Periodic Reporting for period 1 - YRNAcleave (Sequence and structural requirements for Y RNA cleavage)
Reporting period: 2016-08-01 to 2018-07-31
Y RNAs are ~100 nt long molecules, first discovered owing to their association with the autoimmune proteins Ro60 and La. The four Y RNAs (Y1, Y3, Y4 and Y5) show high evolutionary conversation in the animal kingdom, with humans possessing the full complement of Y RNA genes and some species, such as mouse, only retaining the Y1 and Y3 RNA genes. Y RNAs bind a range of proteins within the cell, notably the toroid shaped protein Ro60 involved in RNA quality control, and the La protein which has a range of implicated functions (Figure 1). Not all Y RNAs however are found within ribonucleoprotein complexes. The non-protein bound Y RNAs have been shown to be essential for the initiation of chromosomal DNA replication by acting as licensing factors in post-midblastula transition (MBT) stage cells.

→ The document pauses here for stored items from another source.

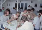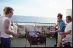 En grekisk besättningsmedlem med mobiltelefon fotograferar en kollega.
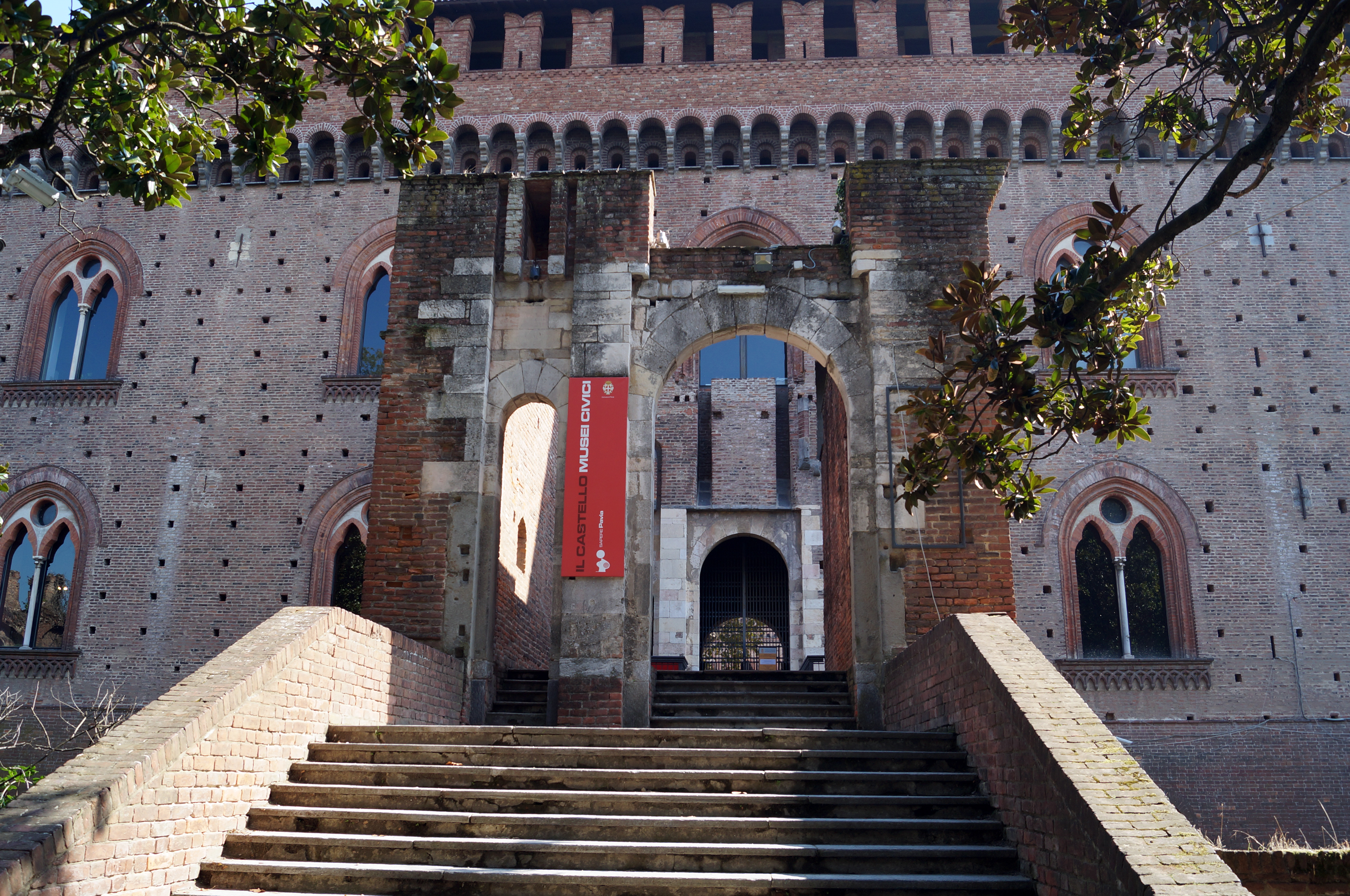Замок Висконти (итал. Visconti Castle) является одним из наиболее известных памятников Павии, в котором сейчас находятся городские музеи. Построенный во второй половине XIV века правителем Милана Галеаццо II Висконти замок в виде крепости с величественным домом имел форму четырёхугольника. Северная сторона была разрушена в 1527 году во время войны между армиями Карла V из Испании и Франциска II из Франции во время битвы при Павии. На юго-восточном и юго-западном углах все еще видны две башни, ров, который можно посетить сегодня, остатки разводных мостов, зубчатые стены с патрульными дорожками.
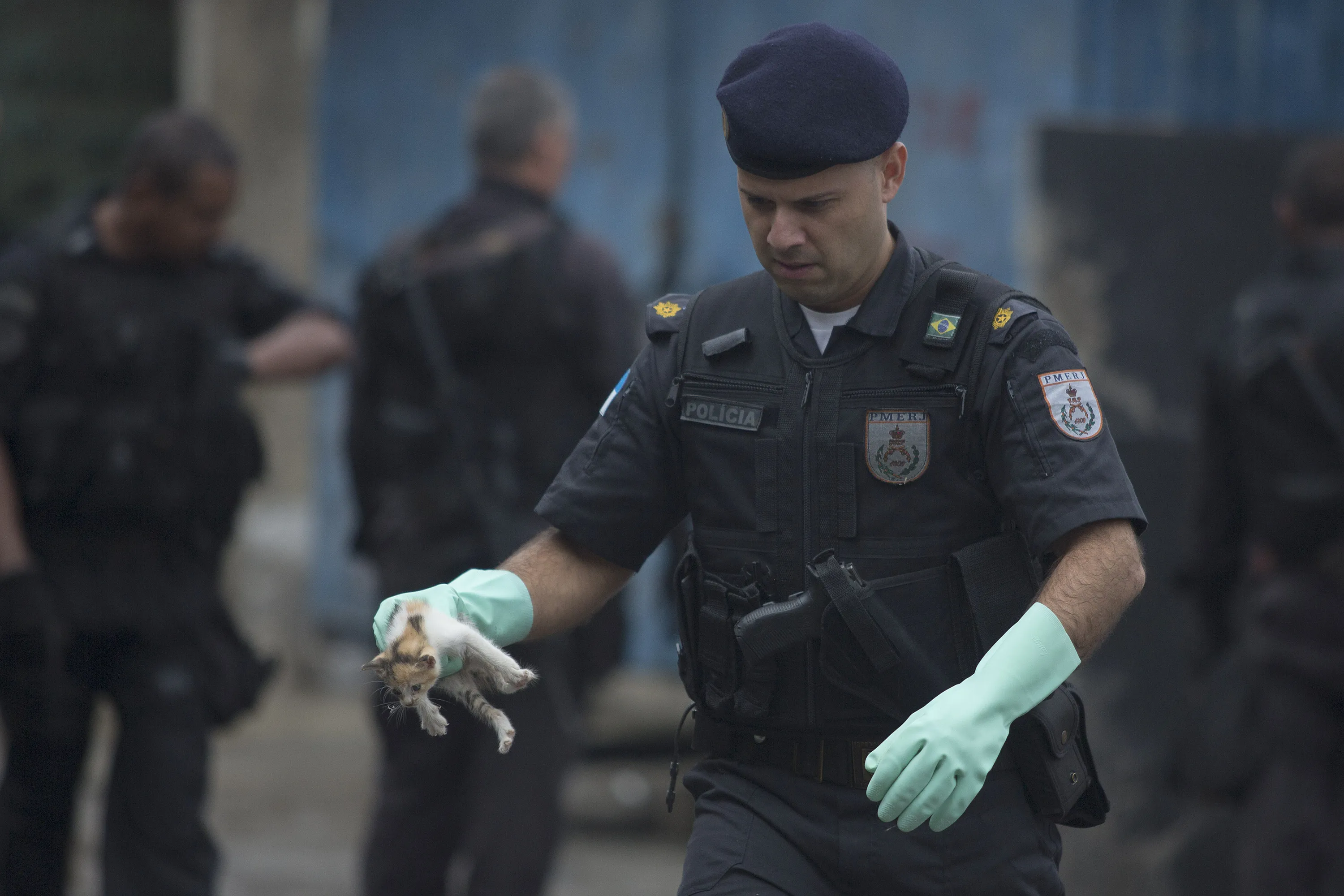 A police officer carries a kitten that was found in an area where the police is building a checkpoint in the Alemao slum complex as part of a security reinforcement by the UPP (Police Pacification Unit) in Rio de Janeiro, Brazil, Tuesday, April 7, 2015. The kitten was found with several others and the litter was taken to a store close by to be taken care of. (Photo by Leo Correa/AP Photo)
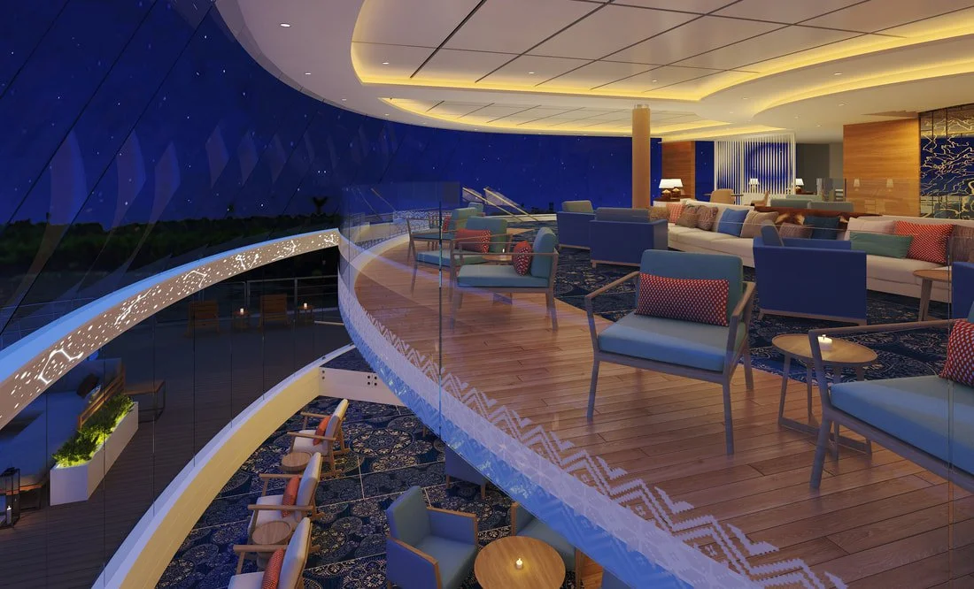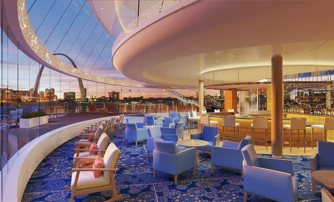 Frequent cruisers on Viking's ocean ships consider the Explorers’ Lounge one of the top onboard public spaces. Viking Mississippi will feature an Explorers’ Lounge near the bow of the ship. The sun-filled, two-story lounge offers floor-to-ceiling windows that open to The Bow, a unique outdoor seating area at the front of the ship where you can relax with ever-changing riverside views.

The overall objective of the project is to understand the process of Y RNA fragmentation in human cells. The project consisted of four specific objectives: Objective 1 Validation of sequencing results for pools 1-3, Objective 2 Mutagenesis of 5' arm of Y5 RNA, Objective 3 Validation of mutations in the Y5 5' sRNA region and Objective 4 Testing ""designer"" mutants. We describe the results and conclusions in the next section.
We are writing a manuscript at the moment and we are planning to submit it in about 3 months. Trung presented a poster about the work at the Non-coding RNAs conference in Heidelberg in the summer of 2017.